If we are very exhausted or not very optimistic, we can tune in for the Who Done It. We don’t
need to see the additional dolls, and that’s OK. The more attentive and intellectual we are, the
more deeply we can find our approach to the other, deeper dolls.

The mastermind of this methodology is that it manages to speak to smooth without alienating (or
antagonizing) dumb. It can speak to arduous audiences without insulting undemanding
audiences. It can stay wide-ranging for maximum audience and go contracted for maximum
engagement. It is at once stress-free and sociable, and amusing and interesting.

The Russian Doll principle is chiefly valuable in politics, secret operatives’ work, spying,
storytelling and tax evasion. If you are good at it, and go into one of these professions, your
financial impartiality is assured.

 It has found a way to elude almost coded messages into the spectacle. Those who don’t quite
get it don’t really mind. Those who do get it love the show and the characters for daring to
beam a secret message in open air.

Examples:

For employee communication:

The biggest Russian doll or core note should be your business strategy, which will create the
framework, the scenery and the ambitions of the organisation and their people. All other
messaging can then be unloaded from this context and then further unpacked into openly
relevant messages for employees at a departmental and team level.
By following the Russian Nesting Doll principle you can use your strategy as a framework to
bond everything, get your people looking accelerative, and ensure a tangible assembly of the
employee's everyday goings-on to the strategic objectives of your organisation.

In organization:

In organizational terms, innovative conversions of management teams or groups, when part


of a culture that is not awfully innovative, can lead (and frequently do lead) to ‘uphill
transformations’, influencing, for example, the understandings of top leadership, perhaps
even, becoming a social role model.  In my consulting work, I have examples of this kind all
the time, which I sometimes wish I could show to the Doom and Gloom brigades running
many companies.
Ultimately, ‘the top ceiling’ in organizational terms, is Culture. Again, becoming paralysed
waiting to ‘fix the corporate culture’ does not make sense. Fixing subcultures (‘within their
own system’) is not only possible but, most of the time, a good place to start. Today, any
successful cultural shaping or cultural transformation is bottom-up. Top down cultural
dictation is a waste of time and money.
There is the need for awareness, both in terms of limitations and possibilities, because the
history of management thinking and management practices has plenty of deceiving
propositions.

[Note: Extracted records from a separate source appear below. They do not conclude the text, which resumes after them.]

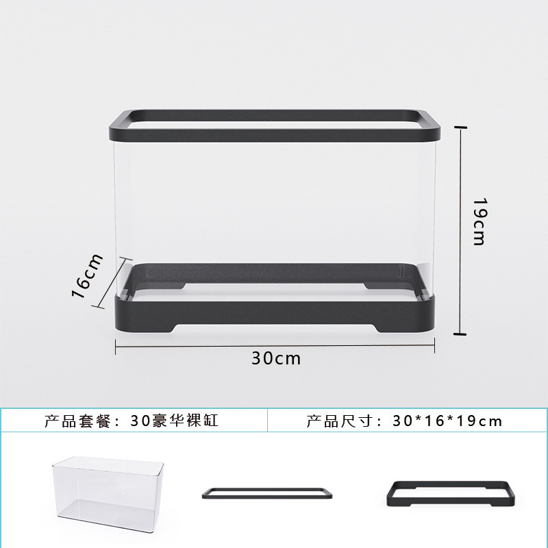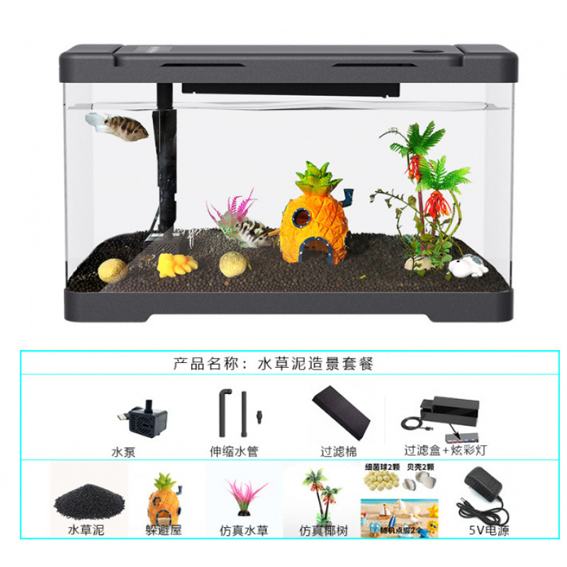 4 개의 초백색 생태 어항 거실 작은 아크릴 테이블 상단 탱크 순환 필터 거북이 탱크 조경 황금 바다의 전체 세트스토어 가기
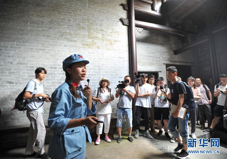 6月21日,媒体记者在冯达飞将军故居听取介绍。新华社记者 李任滋 摄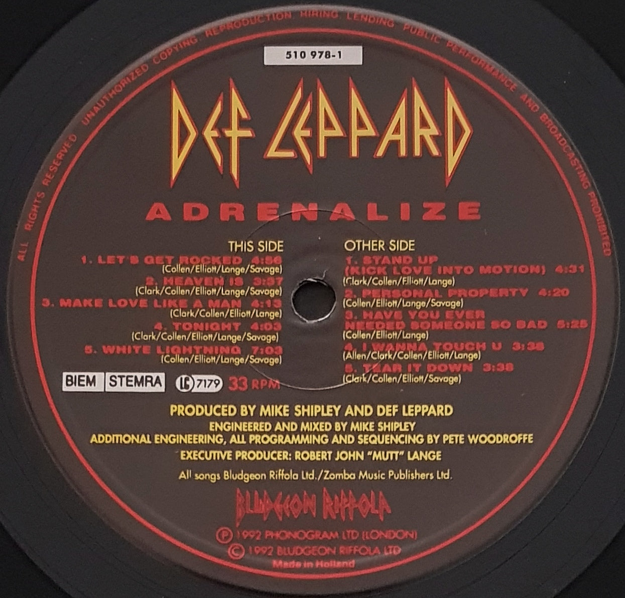 w.Inner Sleeve.1992 Bludgeon Riffola 510 978-1. Minor Paper Scuffs on Disc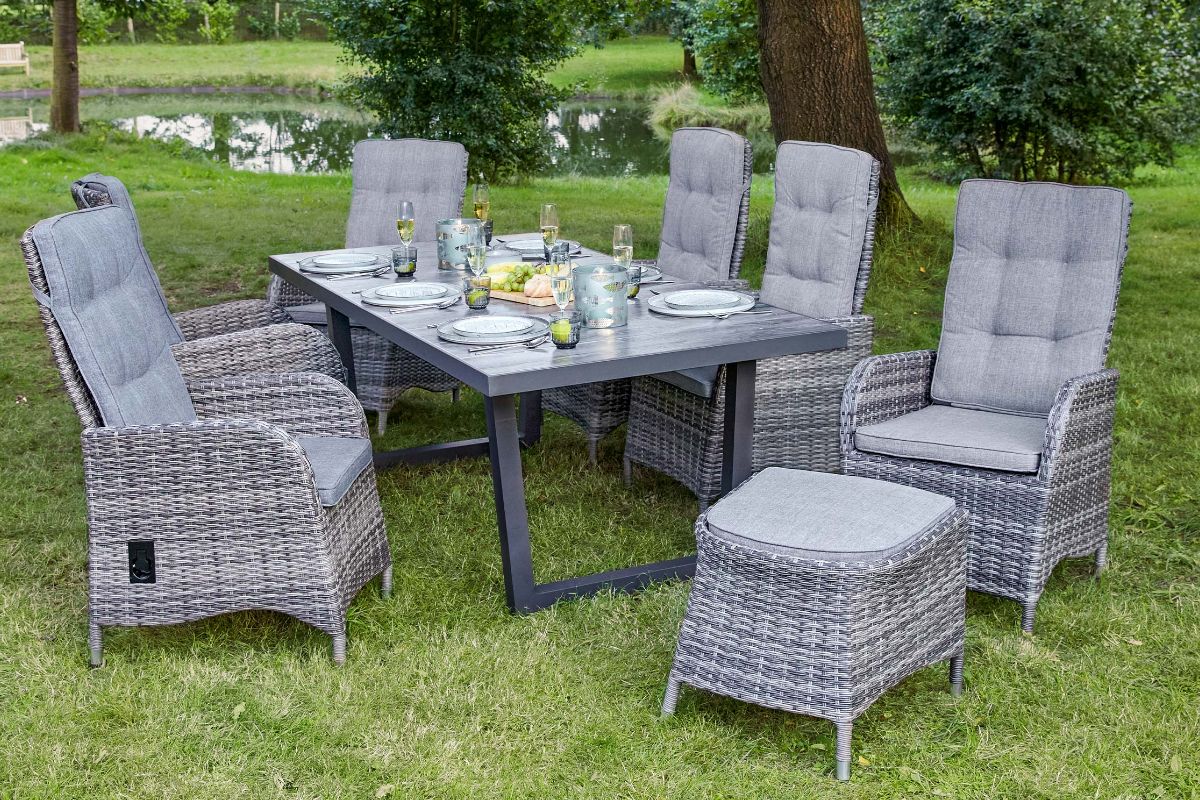 LC Garden »Bailado« Gartenset 200cm Esstisch V-Fuß Keramik Tischplatte grau + 6 Gartenstühle omega-grau verstellbar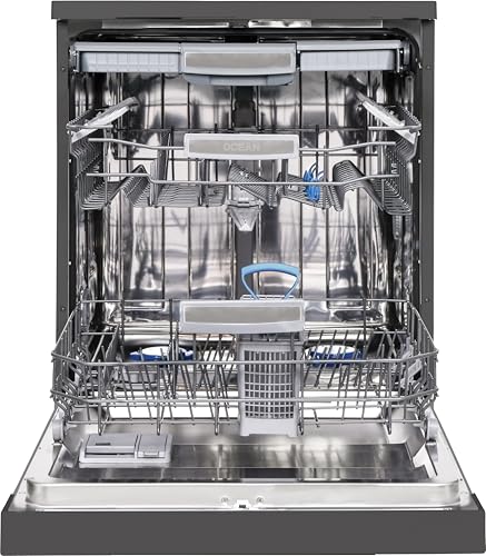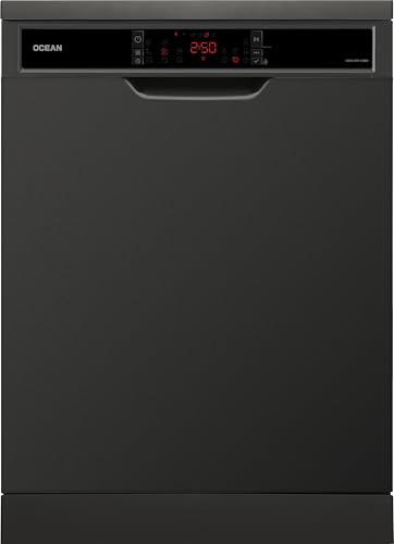 Ocean - غسالة أطباق مع 15 إعداد و8 برامج بمحرك تيار مستمر عديم المسفرات و4 رفوف سفلية مطوية بغسيل ثلاثي وبالبخار ونظام رش مباشر وتجفيف تربو مع شاشة ال اي دي من اوشن، لون دارك اينوكس، موديل ODOI815VXBN، تركيا

Some Quality and Continuous Improvement movements have focused too much
on ‘fixing problems within the system’ and, at the same time, claiming that this will change
the culture. But if honest, the culture is never changed by these fixes. People juts become
highly proficient at fixing problems. They never go beyond the Little Doll.
In gender equality:
When we compare the types of texts for the extent to which gendered categories refer to other
identity categories, we see that for both policy issues the variety of words is much higher in
the policy plans than in the laws. The analysis of the multiple identities show that in the
policy issue Equal pay and equal treatment the Russian doll seems to be a mother. That is, a
fair number of countries use labels that refer to both gender and parenthood.
For Domestic violence the Russian doll is a migrant woman. This means that a significant
number of the female actors that are being referred to in the policy categories also refer to
ethnic identity. In almost all of these cases the categories label an undifferentiated group of
individuals as ‘ethnic other’, namely immigrants.